Only the lines from the one with "Σετ ντους KFA" through the final line below belong in the answer, copied exactly and without pictures.

─── Records shown

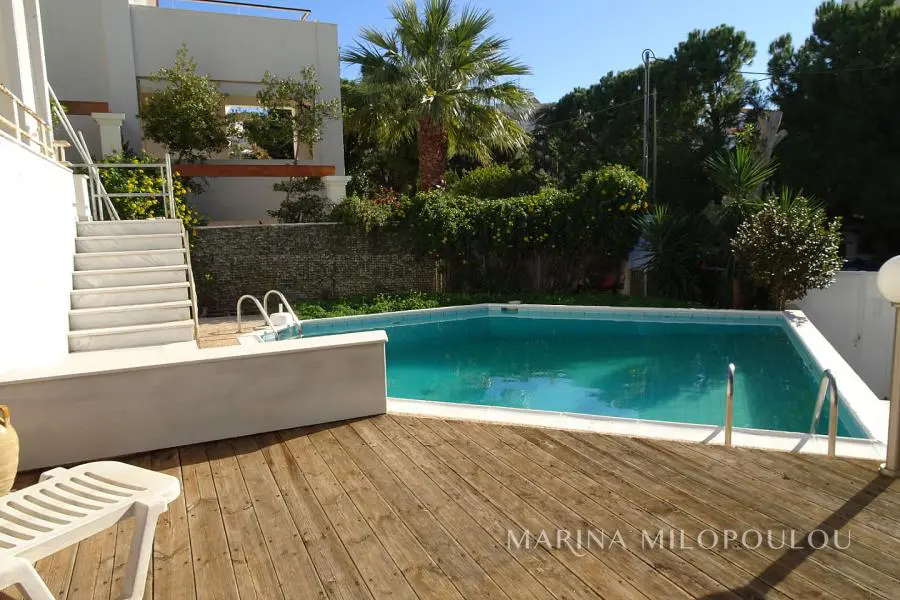 Βούλα - Πηγαδάκια, Μονοκατοικία συνολικής επιφανείας 420τμ εντός οικοπέδου 520τμ με πισίνα. Υπερυψωμένο ισόγειο επιφανείας 147τμ, το οποίο περιλαμβάνει μεγάλο χώρο υποδοχής - τραπεζαρίας ευρύχωρη χωριστή κουζίνα, 1 μεγάλο master υ/δ, 1 wc, μεγάλη βεράντα. Στον 1ο όροφο επιφανείας 117τμ, 3 υ/δ -το 1 master - συν 1 επιπλέον μπάνιο, μεγάλες βεράντες. Το υπόγειο επιφανείας 150τμ περιλαμβάνει ένα διαμέρισμα με καθιστικό υ/δ, μπάνιο και μπορεί να λειτουργήσει ανεξάρτητα. Στο ίδιο επίπεδο, laundry room αποθήκες και λεβητοστάσιο. Η κατοικία διαθέτει πισίνα 36τμ, διπλό σύστημα θέρμανσης πετρελαίου και νερού, διπλά τζάμια, σίτες, 2 προστατευμένες θέσεις στάθμευσης ισογείου. Φωτεινή ηλιόλουστη κατοικία με μεγάλα ανοίγματα και Νότιο προσανατολισμό.. Ησυχο σημείο σε εξαιρετική οικιστική περιοχή . Απόσταση από την τοπική αγορά 450μέτρα, απόσταση από την οργανωμένη παραλία Apollon Divani Pallas 650 μέτρα. Τιμή ζώνης 2250ευρώ.
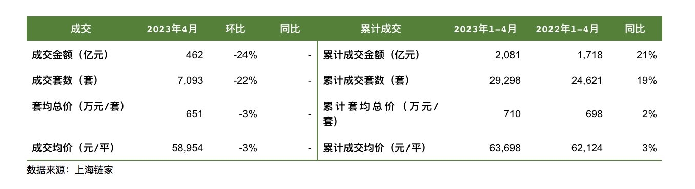5月5日,据上海链家研究院的监控数据显示,4月份,上海全市共成交新建商品房7093套,环比下降22%,成交金额462亿元,环比下降24%,套均总价651万元,环比下降3%,成交均价58954元/平方米,环比下降3%。
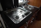 • Gas oven, grill, 3 burner hob, integrated sink with water filter so you can drink water from the onboard tank without that plasticky smell. There is a taller 3 way Dometic fridge and separate freezer compartment is standard fitment, and enables longer off grid food supplies to be kept.
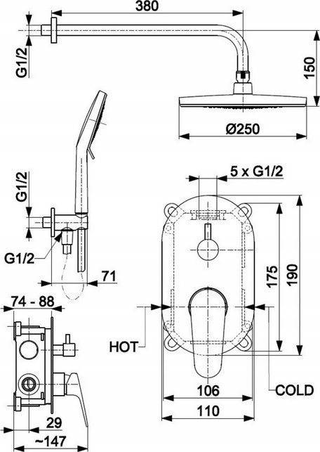 Σετ ντους KFA ΣΕΤ ΝΤΟΥΣ OTAVA ΕΝΤΟΙΧΙΣΜΕΝΟ, ΧΡΩΜΙΟ
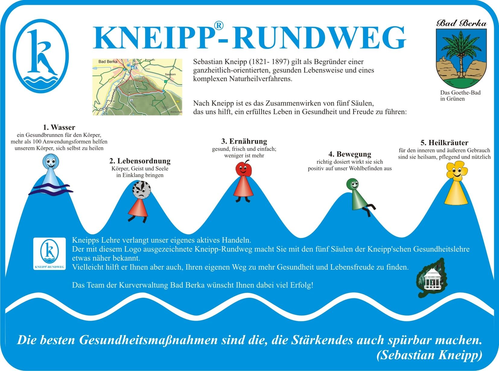 The Kneipp circular route Bad Berka connects the pillars of water and movement of Kneipp's teaching in a beautiful landscape. Along the route, you will find information about the 5 pillars of Kneipp's...
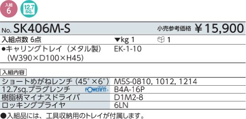 【KTC】 両開きメタルケースセット用オプション [型番:SK406M-S]
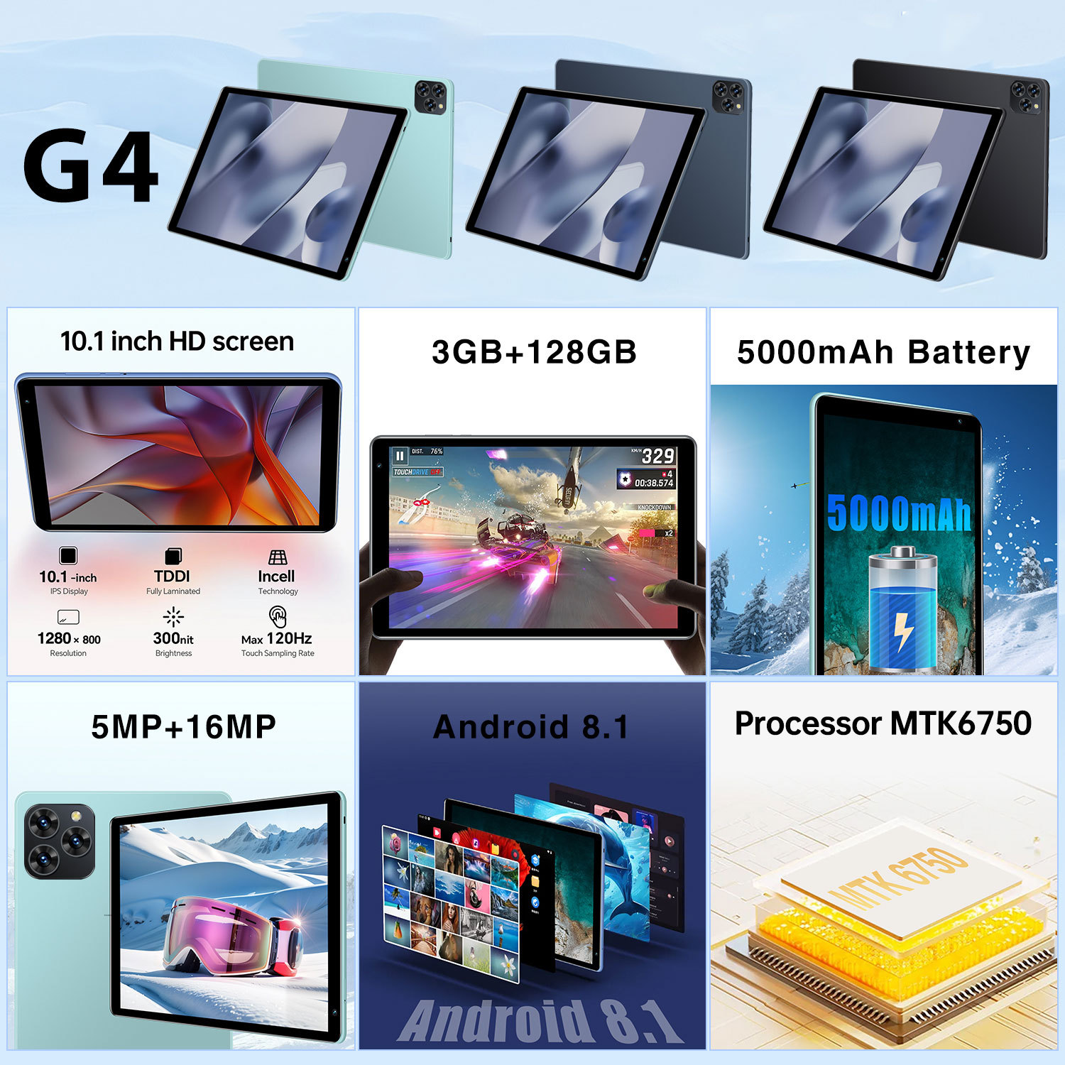 型号: G4 货号: G4 上市时间: 2024年 货源类别: 现货 操作系统: ANDROID 处理器: MTK 存储类型: 其他存储类型 硬盘容量: 128GB 屏幕尺寸: 10.1英寸 摄像头: 1600 重量: 0.5 kg/件
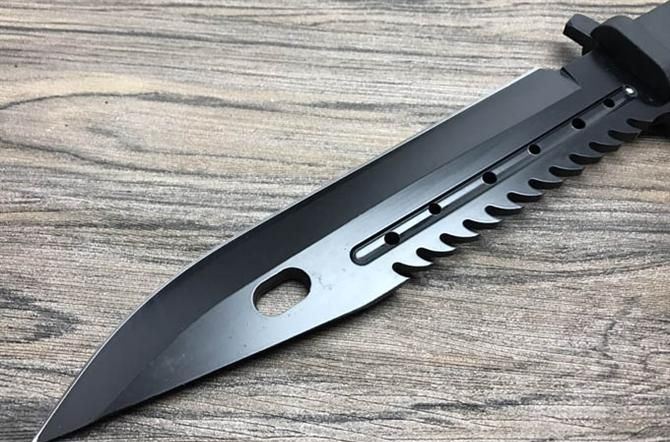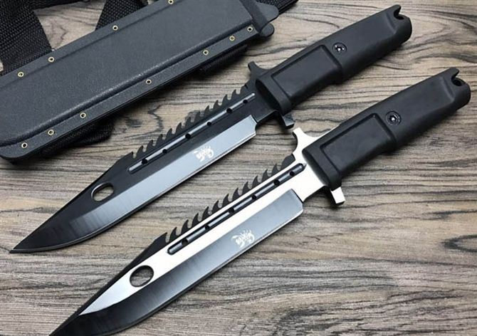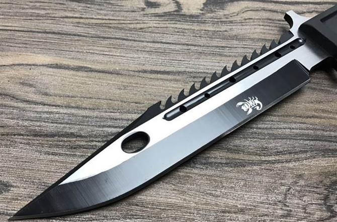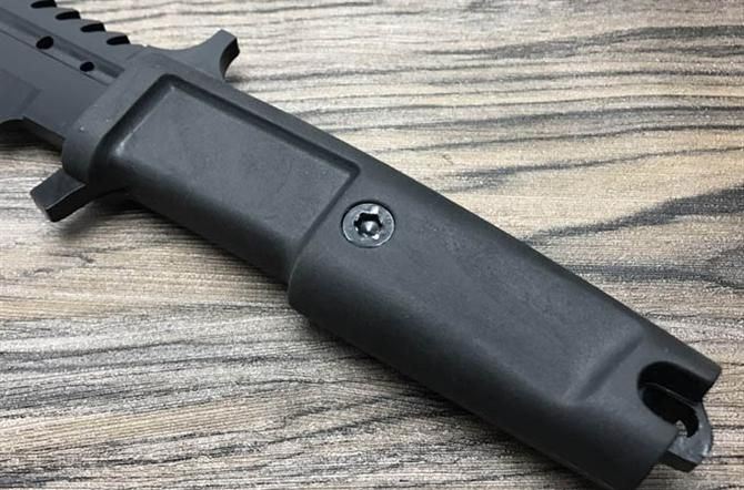 蝎子虎牙直刀 全 长:31cm 刃 长:18cm 刃 厚:6mm 刃 材:8CR13MOV 硬 度:58HRC 表 面:拉丝,黑钛 柄 材:橡塑 刀 鞘:ABS

──────

Reply to the task:
 Σετ ντους KFA ΣΕΤ ΝΤΟΥΣ OTAVA ΕΝΤΟΙΧΙΣΜΕΝΟ, ΧΡΩΜΙΟ
 The Kneipp circular route Bad Berka connects the pillars of water and movement of Kneipp's teaching in a beautiful landscape. Along the route, you will find information about the 5 pillars of Kneipp's...
 【KTC】 両開きメタルケースセット用オプション [型番:SK406M-S]
 型号: G4 货号: G4 上市时间: 2024年 货源类别: 现货 操作系统: ANDROID 处理器: MTK 存储类型: 其他存储类型 硬盘容量: 128GB 屏幕尺寸: 10.1英寸 摄像头: 1600 重量: 0.5 kg/件
 蝎子虎牙直刀 全 长:31cm 刃 长:18cm 刃 厚:6mm 刃 材:8CR13MOV 硬 度:58HRC 表 面:拉丝,黑钛 柄 材:橡塑 刀 鞘:ABS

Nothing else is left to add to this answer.